However, knowledge of customer needs should also be completely understood to accomplish closing the targeted prospect.

Oftentimes, our selling process places priority on just one aspect without regard to the other.

Case in point: Recently, I had the experience of being involved in funeral arrangements for a close relative.

The funeral industry is, in large part, the definition of the service industry.

The director — a salesperson — said all the appropriate things to make the customer feel at ease.

But, the presentation of options was completely out of sync with the selling process.

The importance of a needs assessment was completely missed, and the presentation fell flat.

It felt like a complete lack of understanding of what a customer would need at this time of personal crisis.

As I watched the director jump around from point to point, with no fluidity of selling sequence, I saw the customer get upset at different suggestions because of the lack of a proper needs assessment — the step of data gathering.

He seemed to have no rhyme or reason for several points and the lack of sales aids was alarming.

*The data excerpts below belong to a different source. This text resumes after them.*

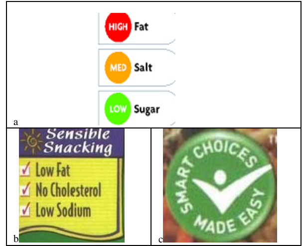
Figure 3 Different logo designs developed for helping

displaying a green check mark, (50) The Sensible Solution from Kraft foods displaying a green flag with yellow sun. (51) All these are front-of-pack labeling schemes aim at facilitating consumers make healthier food choices. About 118 models have been identified so far, of which 63 are meeting the WHO inclusion criteria but only onethird of those have been validated. (5,52) Different models have been conceptualized different purposes which include for labeling requirements, regulatory purposes for products to bear a claim, food certification, T.V advertising/marketing of food products to children and few of them developed for research purpose. Table 1 provides a brief description of few of them.
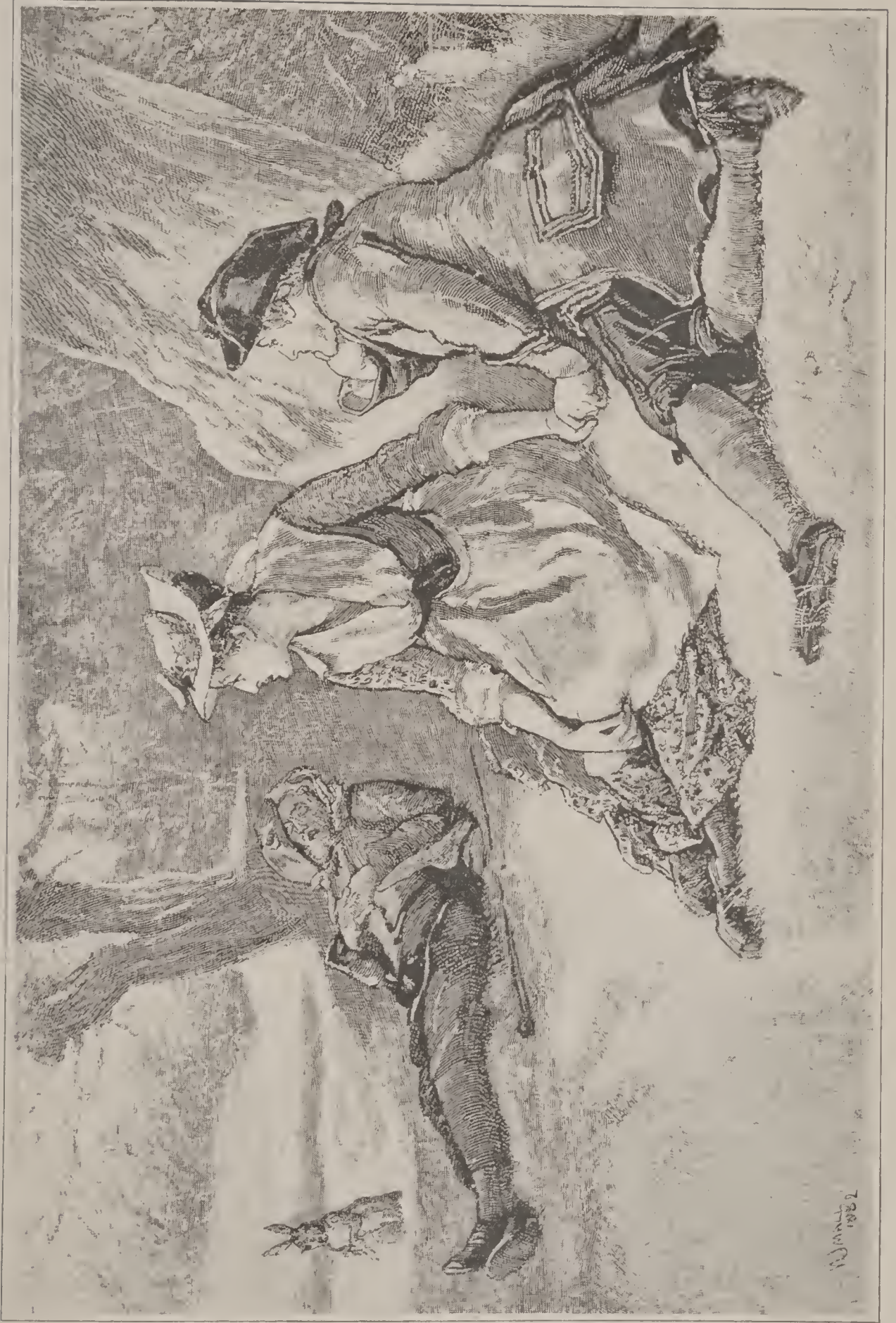
..The hare was no sooner on shore, than it seated itself on its hinder legs..
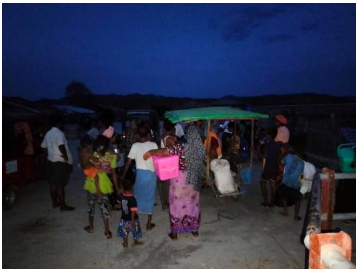
Rohingya people from Taung Paw moving to an evacuation site ahead of cyclone Mocha. Myebon township, Rakhine.
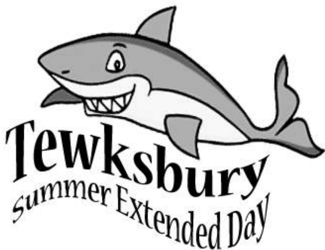
One of our student's shark who helped influence our mascot pick!
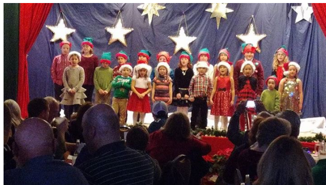
Children sing Christmas carols at the annual Christmas Show
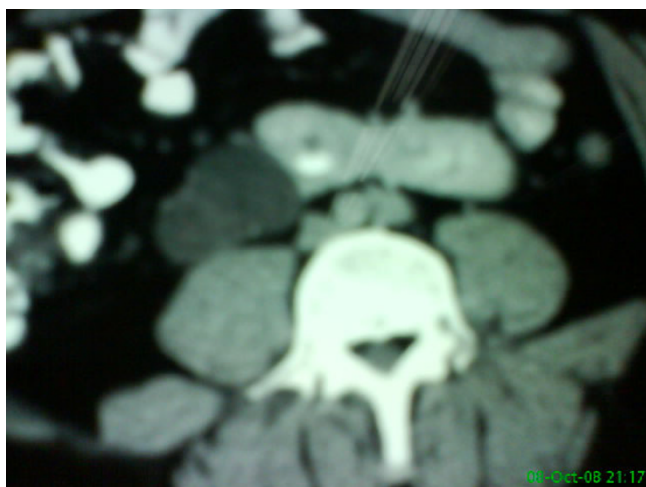
Figure 2 CT scan showing isthmus stone in a horseshoe kidney.

are placed underneath the patient's abdomen in order to fix the kidney, pushing it posteriorly and limiting its movement during respiration.

At the actual event, the director was much better at completing the process; he was extremely attentive in the service performance and really knew the process to be ahead of each customer request.

I could not help but think about the parallels to the cleaning industry.

Many of us have the exact same problem: We are great cleaners, but lack the viewpoint of our industry from the customer''s position.

We think we know what they want, but our assumptions are perhaps wrong because this customer may have a different need.

All we have to do is ask.

We have a tendency to lump all customers together as a group.

Once we have knowledge of one, we tend to assume they are all the same, with the same — or at least similar — needs, wants and requirements.

This type of thinking keeps our industry from really achieving our full potential, as customers then begin to return the favor.

The customer begins to believe that all professional cleaning companies behave the same, complete the same level of service and have the same problems as every other cleaning service in the world.

This is human nature.

We have to know not only what we are selling, but to whom we are selling.

The client or prospect is always more important than the cleaning process.

People like to feel that someone is listening, not just waiting for a break in the conversation to start talking again.

Listening to the customer brings confidence to the customer in our abilities as professionals.

The customer wants us to understand that their needs are different from everyone else''s needs because no one sees themselves as the same as anybody else.

What we are selling is comfort and confidence, not mops and buckets, floor stripping or restroom sanitation.

This is a big distinction between success and coming up short.

Our customers rely on our ability to make them feel good about the purchase of service, not just the actual service itself.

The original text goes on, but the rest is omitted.